Administrator of Christmas Island
- In office 25 February 1990 – 2 May 1991
- Preceded by: Don Taylor
- Succeeded by: Michael Grimes

Personal details
- Born: 21 May 1928 Fremantle, Western Australia, Australia
- Died: 2 May 1991 (aged 62)

= William Albany McKenzie =

William Albany "Bill" McKenzie AO (21 May 1928 – 2 May 1991) was an Australian local government politician and public servant from Western Australia. He served as Mayor of Fremantle from 1972 to 1984, head of the Western Australian Planning Commission from 1985 to 1989, and Administrator of Christmas Island (an Australian external territory) from 1990 until his death.

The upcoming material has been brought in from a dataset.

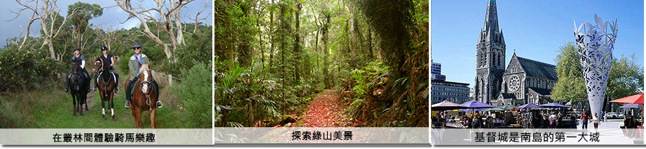 在小教堂的祝福下,遊客們離開提卡波湖,前往紐西蘭第三大城基督城(Christchurch)。我們首先來到坎特伯里區的森林馬場,這是一項難忘的森林體驗,飛美家旅遊特別安排◇森林騎馬,大約1小時左右的馬背騎馬,上馬前仔細聆聽專家所介紹活動所需的注意事項。在大自然的擁抱下溫順的馬兒帶您穿梭在森林間漫步,途中飽覽此區的秀麗景色,從平原到高山,用不同的高度欣賞這難得一見的風景。為安全考量,旁邊皆有專業訓馬師跟隨;不從事此活動的旅客,擇改為森林健行活動,且恕不退費,請知悉。 經過12天紐西蘭與澳洲純淨大自然的體驗,懷著滿滿的回憶,來到機場,踏上歸途,回到溫暖的家。 |
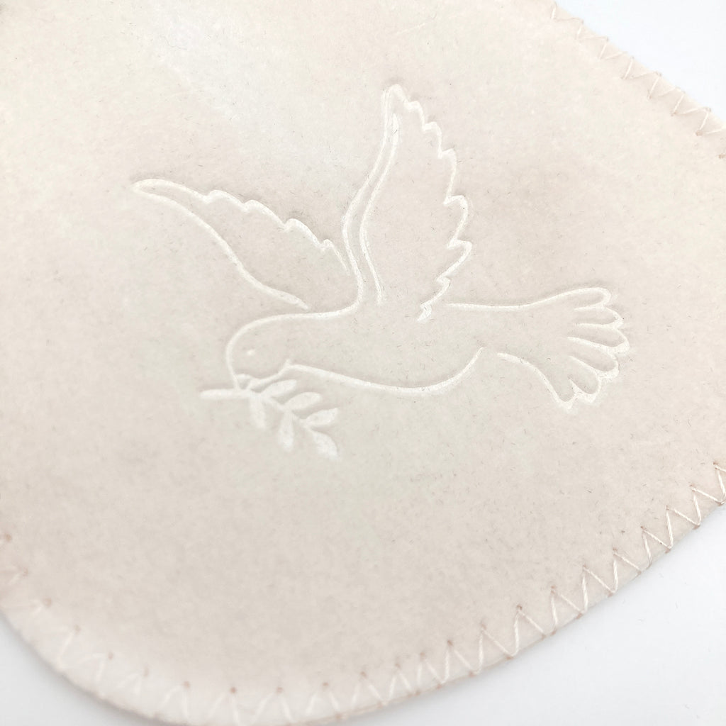 Das sehr schmückendes Motiv "Taube/heiliger Geist" ziert den Rosenkranzbeutel.

McKenzie was born in Fremantle, and was raised in a house on South Street, Beaconsfield. He suffered from polio as a child, and carried his left arm in a sling for the rest of his life. McKenzie trained as a pharmacist, and eventually acquired his own business in Fremantle. He was elected to the Fremantle City Council in 1965, and in 1972 replaced Sir Frederick Samson as mayor. McKenzie continued Samson's emphasis on heritage protection during his term in office. He had control of the Round House (Western Australia's oldest building) passed from the Fremantle Port Authority to the City of Fremantle, and also had the West End listed on Register of the National Estate.

McKenzie was made an Officer of the Order of Australia (AO) in the 1983 Australia Day Honours, for "service to local government and to the community". After finishing his term as mayor in 1984, he was appointed chairman of the Metropolitan Region Planning Authority (MRPA). The following year, the MRPA and several other bodies were merged to create the State Planning Commission, of which McKenzie was also appointed chairman. After finishing his three-year term, he took up an appointment as Administrator of Christmas Island, one of Australia's territories in the Indian Ocean. He succeeded Don Taylor in the position in February 1990. McKenzie died in May 1991, aged 62.